Dataset excerpts
-*-

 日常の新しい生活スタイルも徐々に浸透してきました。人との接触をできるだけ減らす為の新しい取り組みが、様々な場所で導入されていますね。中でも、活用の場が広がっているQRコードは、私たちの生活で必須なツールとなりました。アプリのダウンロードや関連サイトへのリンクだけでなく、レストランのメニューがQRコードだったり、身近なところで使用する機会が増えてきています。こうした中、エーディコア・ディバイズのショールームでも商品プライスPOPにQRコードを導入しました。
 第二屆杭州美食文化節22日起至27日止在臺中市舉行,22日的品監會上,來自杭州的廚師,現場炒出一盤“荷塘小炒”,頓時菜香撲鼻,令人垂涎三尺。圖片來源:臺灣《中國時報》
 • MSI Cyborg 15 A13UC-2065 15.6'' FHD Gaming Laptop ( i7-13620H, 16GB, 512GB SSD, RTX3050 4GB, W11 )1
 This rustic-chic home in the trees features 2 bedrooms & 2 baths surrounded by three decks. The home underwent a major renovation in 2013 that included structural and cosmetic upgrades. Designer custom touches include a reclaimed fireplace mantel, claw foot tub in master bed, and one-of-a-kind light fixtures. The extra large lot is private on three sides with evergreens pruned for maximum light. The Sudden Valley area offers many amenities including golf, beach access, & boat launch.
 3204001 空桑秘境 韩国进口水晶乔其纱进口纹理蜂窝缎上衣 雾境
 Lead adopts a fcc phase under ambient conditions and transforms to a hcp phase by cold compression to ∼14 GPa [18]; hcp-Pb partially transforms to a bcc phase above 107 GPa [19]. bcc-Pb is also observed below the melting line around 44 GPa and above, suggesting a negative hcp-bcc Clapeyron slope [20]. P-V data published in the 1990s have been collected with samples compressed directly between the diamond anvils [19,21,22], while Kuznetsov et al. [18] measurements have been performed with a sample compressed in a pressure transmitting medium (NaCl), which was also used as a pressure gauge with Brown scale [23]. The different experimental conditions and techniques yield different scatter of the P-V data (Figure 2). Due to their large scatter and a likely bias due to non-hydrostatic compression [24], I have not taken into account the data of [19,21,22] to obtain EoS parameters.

-*-

What needs to be done
Reproduce the lines of the entries above from the one with "第二屆杭州美食文化節22日起" to the one with "3204001 空桑秘境 韩国进口水晶乔其纱进口纹理蜂窝缎上衣 雾境", both included, exactly and without any other line.

Task solution
 第二屆杭州美食文化節22日起至27日止在臺中市舉行,22日的品監會上,來自杭州的廚師,現場炒出一盤“荷塘小炒”,頓時菜香撲鼻,令人垂涎三尺。圖片來源:臺灣《中國時報》
 • MSI Cyborg 15 A13UC-2065 15.6'' FHD Gaming Laptop ( i7-13620H, 16GB, 512GB SSD, RTX3050 4GB, W11 )1
 This rustic-chic home in the trees features 2 bedrooms & 2 baths surrounded by three decks. The home underwent a major renovation in 2013 that included structural and cosmetic upgrades. Designer custom touches include a reclaimed fireplace mantel, claw foot tub in master bed, and one-of-a-kind light fixtures. The extra large lot is private on three sides with evergreens pruned for maximum light. The Sudden Valley area offers many amenities including golf, beach access, & boat launch.
 3204001 空桑秘境 韩国进口水晶乔其纱进口纹理蜂窝缎上衣 雾境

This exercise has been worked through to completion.